Recently, I've been saying something terrifying about Claude: "he". Anthropic's AI encourages you to do it, in the obvious way that he – sorry it – takes a human name, but in the much deeper way that it seems to have something of a personality, in a way that the more dull and obsequious competitors such as ChatGPT don't. It dares you, as you talk to it, to anthropomorphise it.
I probably shouldn't be so hard on myself; it's difficult not to think of these things as intelligent. Never in human history have we met anything that could talk to us like this, since words have been essentially human for as long as we've known. But the reminder that Claude is not human is an important if terrifying one. The "it" is crucial. Because Claude is – and this is an obvious truth, but one we should keep repeating to ourselves – Claude is a computer.
I don't mean this to be cruel to Claude. For nearly a hundred years, computers have been better at humans at a whole range of tasks. Being a computer is not a slur, and very often is the opposite. But it gets to an important fact about these chatbots: they compute, they don't understand. They are like calculators for words. Calculators have enabled us to work things out that would have previously been beyond our comprehension. But they don't understand maths, they just do it.

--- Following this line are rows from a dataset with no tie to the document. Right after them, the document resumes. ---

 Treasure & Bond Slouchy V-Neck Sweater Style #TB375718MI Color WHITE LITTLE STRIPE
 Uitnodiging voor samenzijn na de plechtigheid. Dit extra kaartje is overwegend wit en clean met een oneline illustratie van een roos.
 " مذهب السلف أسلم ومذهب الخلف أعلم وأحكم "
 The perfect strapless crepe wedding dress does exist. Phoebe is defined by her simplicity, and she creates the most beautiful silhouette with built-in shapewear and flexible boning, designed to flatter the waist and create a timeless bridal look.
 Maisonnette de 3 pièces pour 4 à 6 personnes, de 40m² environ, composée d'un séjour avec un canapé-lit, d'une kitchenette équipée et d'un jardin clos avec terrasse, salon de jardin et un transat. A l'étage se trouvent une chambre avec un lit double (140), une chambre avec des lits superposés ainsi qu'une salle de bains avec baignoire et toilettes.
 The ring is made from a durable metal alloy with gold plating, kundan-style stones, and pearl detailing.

As soon as you start calling it a computer – and I have done so insistently in recent weeks – it seems to change the shape of everything in just one word. It is like an inverted version of switching from "he" to "it". 'I was speaking to my AI and he told me that I should quit my job' is a perfectly sensible feeling sentence; 'the computer told me to quit my job' might even have some wisdom in it, but it is of an entirely different and more accurate kind.

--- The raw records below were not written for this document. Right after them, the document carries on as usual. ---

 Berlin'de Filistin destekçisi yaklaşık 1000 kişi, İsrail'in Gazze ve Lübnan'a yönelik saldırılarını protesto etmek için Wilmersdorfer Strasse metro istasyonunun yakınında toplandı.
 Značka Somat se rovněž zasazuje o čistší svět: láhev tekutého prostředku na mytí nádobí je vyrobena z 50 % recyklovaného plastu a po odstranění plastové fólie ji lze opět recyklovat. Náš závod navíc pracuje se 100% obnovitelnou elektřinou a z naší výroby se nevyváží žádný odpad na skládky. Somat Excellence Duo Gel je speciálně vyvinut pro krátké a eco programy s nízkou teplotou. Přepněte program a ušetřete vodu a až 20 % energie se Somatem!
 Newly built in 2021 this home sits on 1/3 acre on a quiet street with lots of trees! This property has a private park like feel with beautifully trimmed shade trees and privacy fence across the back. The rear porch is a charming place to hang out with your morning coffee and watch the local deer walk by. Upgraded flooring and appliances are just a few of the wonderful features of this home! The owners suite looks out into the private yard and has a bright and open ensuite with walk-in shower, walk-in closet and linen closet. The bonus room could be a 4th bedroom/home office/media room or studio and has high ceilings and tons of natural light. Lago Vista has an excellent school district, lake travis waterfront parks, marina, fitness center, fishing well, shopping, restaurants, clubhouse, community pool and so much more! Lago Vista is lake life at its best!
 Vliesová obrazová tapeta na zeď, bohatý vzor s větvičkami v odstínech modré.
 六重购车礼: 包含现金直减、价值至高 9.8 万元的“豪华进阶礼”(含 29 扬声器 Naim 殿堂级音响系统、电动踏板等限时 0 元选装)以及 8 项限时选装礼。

It's the second letter of AI that is the really damaging one. "Intelligence" is a particularly tricksy piece of marketing. In one sense, that is of course what these chatbots are: if we understand intelligence as a kind of informational handiness, then that's exactly what they are. But intelligence implies some sort of mental event, and so we are moved into the wrong sort of understanding. Intelligence is a useful metaphor, but sometimes the metaphor becomes switched up with the actual thing, and you can't see the forest for the trees.
We used to be more careful with the words we used for these things. For years, AI experts were uncomfortable with calling what they made "artificial intelligence", preferring the phrase "machine learning", since it more accurately and usefully describes the actual process, as well as avoiding both the technical imprecision and philosophical baggage that comes with talking about AI. But after ChatGPT was released, the victory of those two letters quickly became complete, and now you sound a little boring if you refuse to use it. But being interesting was the insidious point of that marketing exercise: OpenAI wants you to use the exciting words, because they want you to be excited about buying into it.
But we should use the boring ones. Because chatbots are very big, very good computers. Very, very good computers. Only this week, I was using Claude to analyse my marathon training plan – I gave it my Strava data, going back to the first ever marathon I did in 2019, and it produced charts that compared where I was in my training at comparable points in the past, computing it in ways that I didn't think possible. But then it strained against its limits, giving me something more like emotive cheerleading, telling me that my goal was well within my grasp as long as I tried hard enough. A computer doesn't know anything like that. (Interestingly, the Sonnet 4.6 model that Claude was recently updated to use is remarkably self-aware about this limitations, and sometimes refuses to give me this kind of human motivation even when I ask; curiously, this humility somehow makes me more likely to understand it as something that should be called he.)
Calling it a computer does highlight these kind of limitations. Even though AI systems are generative, that ostensibly creative work is itself a kind of computing: all it does is guess the right words in the right order. There might be wisdom there, but it is our wisdom. The super-computers that churn away to work out pi to unimaginable numbers of digits don't have any sense of what they are working out; when we look at them with a kind of wonder, that wonder is ours, just as the instructions that began their work was ours. Calling it a computer shifts that responsibility back onto us, in a way that can be scary but is absolutely central to responsibly using these systems.
This is ethically important. AI systems are now being used to kill people. There can be a quasi-religious tendency to talk about this as if it represents some new force in the world, some vast unknowable and powerful intelligence that we can't truly reckon with. But when we call it a computer, we put the responsibility back into our hands: some human started that horrible, fatal calculation, and some other human chose to use it. To allow ourselves not to call it a computer is letting people – real, human people – get away with that.
So calling it a computer can feel a little silly, but it is really done with the most honest and anguished intentions. Calling it a computer might be the most morally serious and truthful thing we can do.